Ouija

2014, Horror

Ouija: la Blumhouse gioca con la paura

Un progetto passato di mano in mano, e con vari rimaneggiamenti narrativi, approda infine in sala col marchio della Blumhouse: lo spunto è quello di un noto gioco, consistente in una tavoletta che consentirebbe di comunicare con gli spiriti.

Ouija

2014 – Horror
2.2 2.2

Quello di Ouija è un progetto che era già in piedi da molti anni, passato più volte di mano in mano, rimaneggiato ripetutamente nel tempo e trasformatosi anche a livello di concezione. L'idea originale di un film dedicato alla tavoletta per sedute spiritiche (già al presente in molto cinema horror) risale infatti al 2008, dagli uffici della Platinum Dunes di Michael Bay e Bradley Fuller; questi ultimi volevano trarre dal gioco commercializzato dalla Hasbro (in seguito entrata anch'essa nella produzione) un franchise ad alto budget, sul modello di quello de I pirati dei Caraibi. Le successive vicissitudini produttive hanno portato a un drastico ridimensionamento dei costi, e a un ripensamento dell'intero progetto nell'ottica di un teen horror sovrannaturale, che si inserisse nel solco dei titoli a medio-basso budget che il genere ha offerto negli ultimi anni.

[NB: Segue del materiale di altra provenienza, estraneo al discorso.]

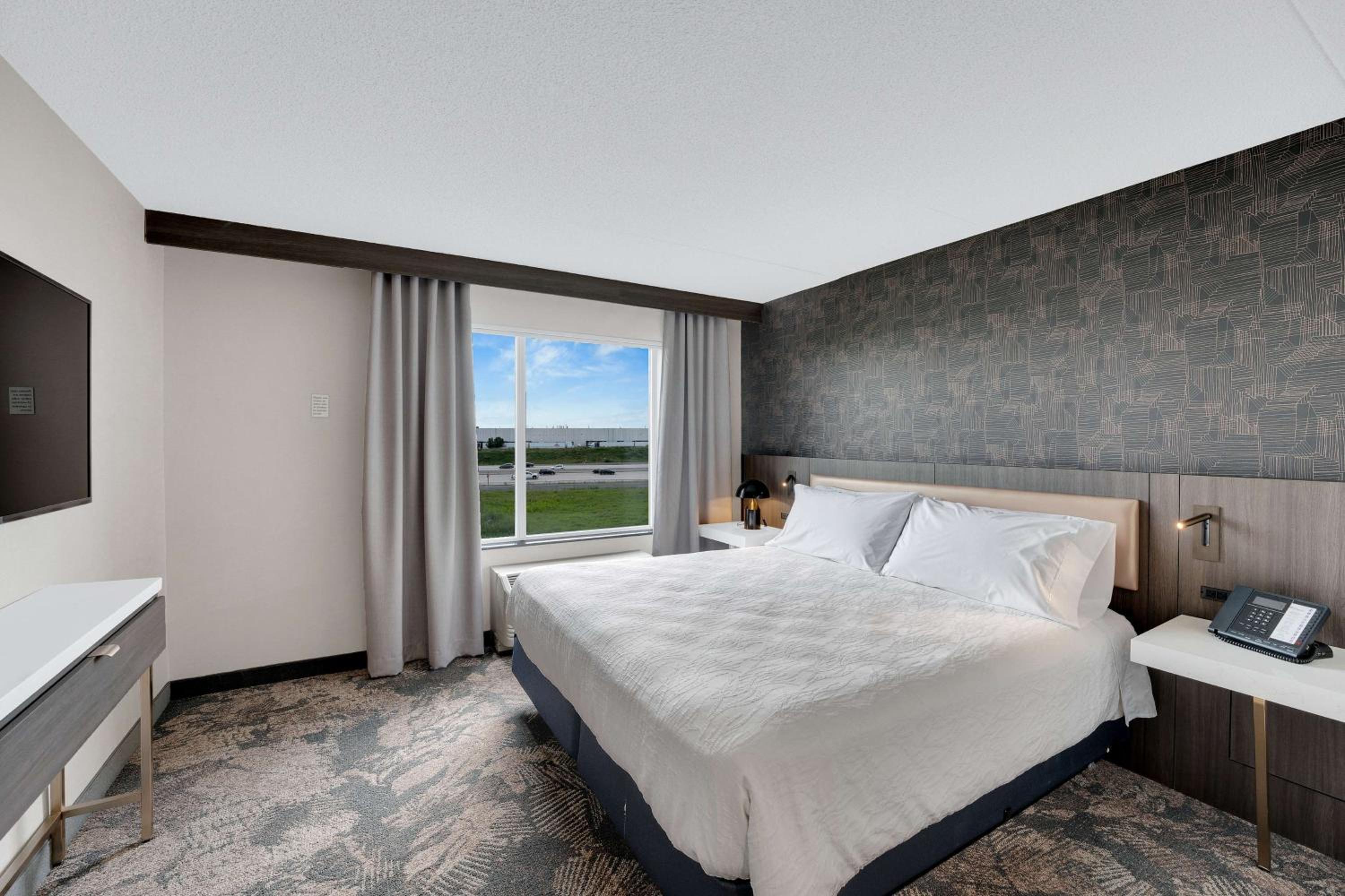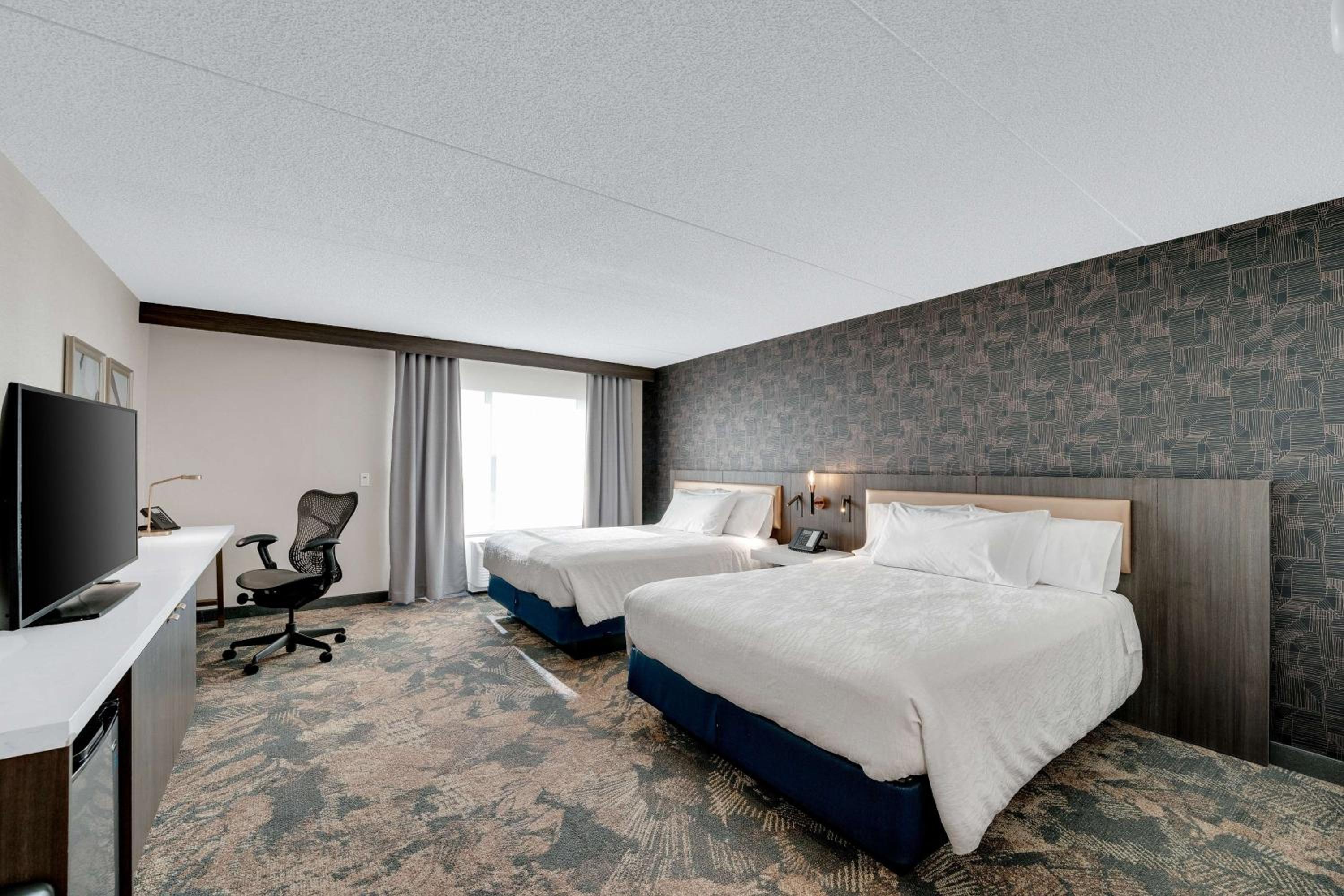 Each room at Brampton Hilton Garden Inn offers a 37-inch flat-screen TV, microwave, small fridge, and coffee maker. Enjoy the comfort of cable TV, a large work desk, and warm decor with dark wood furniture.

La co-produzione della Blumhouse Productions, responsabile di molti dei successi orrorifici degli ultimi anni (tra i tanti, i franchise di Insidious, Paranormal Activity e La notte del giudizio) è sembrata in questo senso offrire un marchio di fabbrica ideale. Malgrado ciò, la lavorazione del film di Stiles White (già effettista speciale e sceneggiatore, qui al suo esordio dietro la macchina da presa) è stata piuttosto travagliata: su richiesta della produzione, infatti, circa il 50% delle scene sono state rigirate, con modifiche sostanziali della stessa sceneggiatura e l'aggiunta ex novo di alcuni personaggi.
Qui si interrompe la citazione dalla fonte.